▸ EXERCISE INSTRUCTIONS
With the images removed, repeat the data below exactly.
= Beginning of Section =
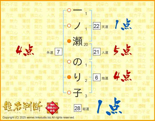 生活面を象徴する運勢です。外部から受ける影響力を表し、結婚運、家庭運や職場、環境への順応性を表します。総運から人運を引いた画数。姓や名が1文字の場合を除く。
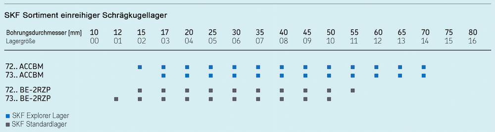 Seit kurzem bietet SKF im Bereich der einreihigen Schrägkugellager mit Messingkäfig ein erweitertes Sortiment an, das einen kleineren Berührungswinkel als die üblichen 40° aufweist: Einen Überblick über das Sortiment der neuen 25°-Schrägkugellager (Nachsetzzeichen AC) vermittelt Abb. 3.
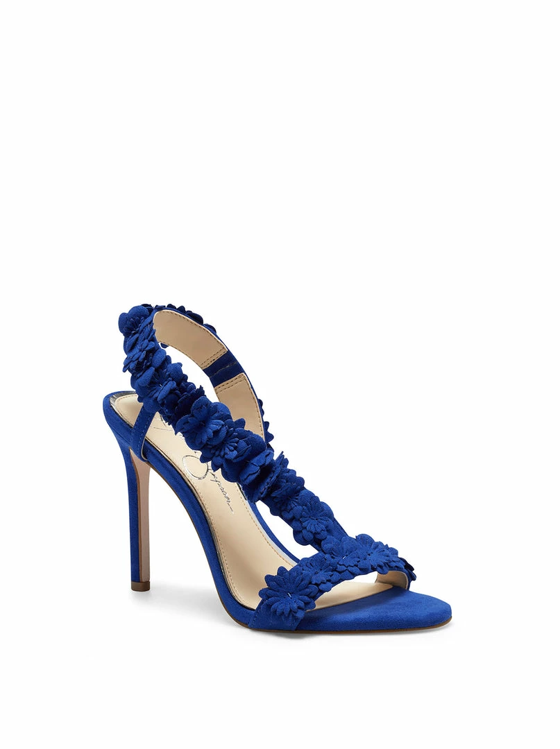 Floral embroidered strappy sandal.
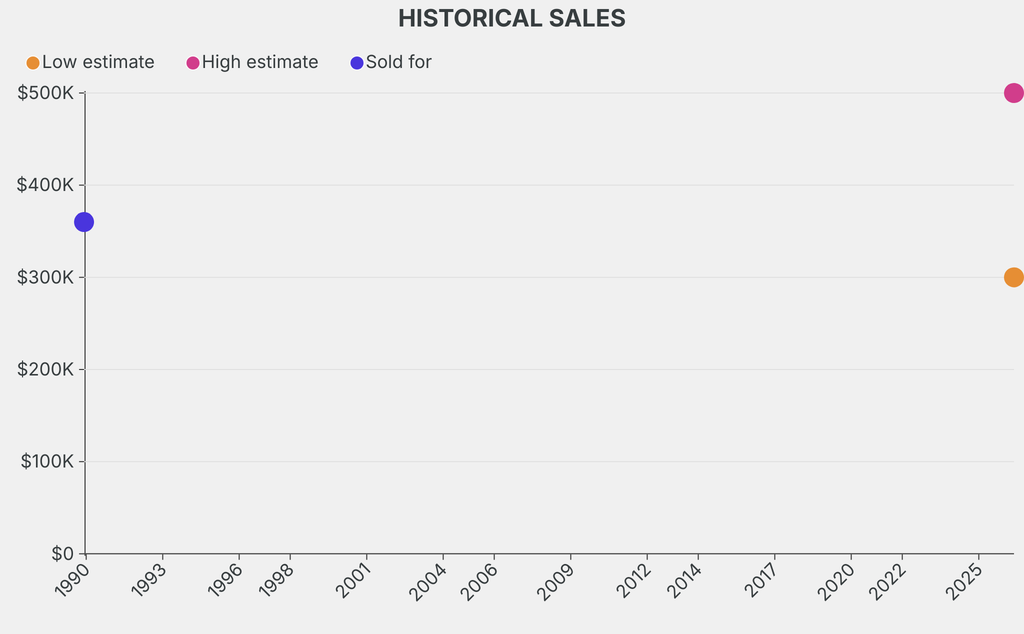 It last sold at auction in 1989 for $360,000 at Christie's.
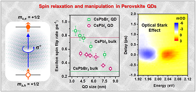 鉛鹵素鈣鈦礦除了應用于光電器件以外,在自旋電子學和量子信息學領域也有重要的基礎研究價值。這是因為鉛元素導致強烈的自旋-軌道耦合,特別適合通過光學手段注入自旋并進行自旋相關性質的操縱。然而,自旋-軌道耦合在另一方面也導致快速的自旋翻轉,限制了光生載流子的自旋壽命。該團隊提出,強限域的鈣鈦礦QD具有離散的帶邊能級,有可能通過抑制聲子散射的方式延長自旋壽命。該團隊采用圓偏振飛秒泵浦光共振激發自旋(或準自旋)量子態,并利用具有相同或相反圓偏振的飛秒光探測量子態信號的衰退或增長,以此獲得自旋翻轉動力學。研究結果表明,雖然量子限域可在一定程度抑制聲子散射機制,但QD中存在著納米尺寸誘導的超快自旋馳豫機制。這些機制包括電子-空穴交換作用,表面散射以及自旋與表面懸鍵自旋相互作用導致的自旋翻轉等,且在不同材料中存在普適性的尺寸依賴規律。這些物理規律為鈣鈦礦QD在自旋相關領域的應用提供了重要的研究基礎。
= End of Section =
▸ SOLUTION FOR THIS PROBLEM
 生活面を象徴する運勢です。外部から受ける影響力を表し、結婚運、家庭運や職場、環境への順応性を表します。総運から人運を引いた画数。姓や名が1文字の場合を除く。
 Seit kurzem bietet SKF im Bereich der einreihigen Schrägkugellager mit Messingkäfig ein erweitertes Sortiment an, das einen kleineren Berührungswinkel als die üblichen 40° aufweist: Einen Überblick über das Sortiment der neuen 25°-Schrägkugellager (Nachsetzzeichen AC) vermittelt Abb. 3.
 Floral embroidered strappy sandal.
 It last sold at auction in 1989 for $360,000 at Christie's.
 鉛鹵素鈣鈦礦除了應用于光電器件以外,在自旋電子學和量子信息學領域也有重要的基礎研究價值。這是因為鉛元素導致強烈的自旋-軌道耦合,特別適合通過光學手段注入自旋并進行自旋相關性質的操縱。然而,自旋-軌道耦合在另一方面也導致快速的自旋翻轉,限制了光生載流子的自旋壽命。該團隊提出,強限域的鈣鈦礦QD具有離散的帶邊能級,有可能通過抑制聲子散射的方式延長自旋壽命。該團隊采用圓偏振飛秒泵浦光共振激發自旋(或準自旋)量子態,并利用具有相同或相反圓偏振的飛秒光探測量子態信號的衰退或增長,以此獲得自旋翻轉動力學。研究結果表明,雖然量子限域可在一定程度抑制聲子散射機制,但QD中存在著納米尺寸誘導的超快自旋馳豫機制。這些機制包括電子-空穴交換作用,表面散射以及自旋與表面懸鍵自旋相互作用導致的自旋翻轉等,且在不同材料中存在普適性的尺寸依賴規律。這些物理規律為鈣鈦礦QD在自旋相關領域的應用提供了重要的研究基礎。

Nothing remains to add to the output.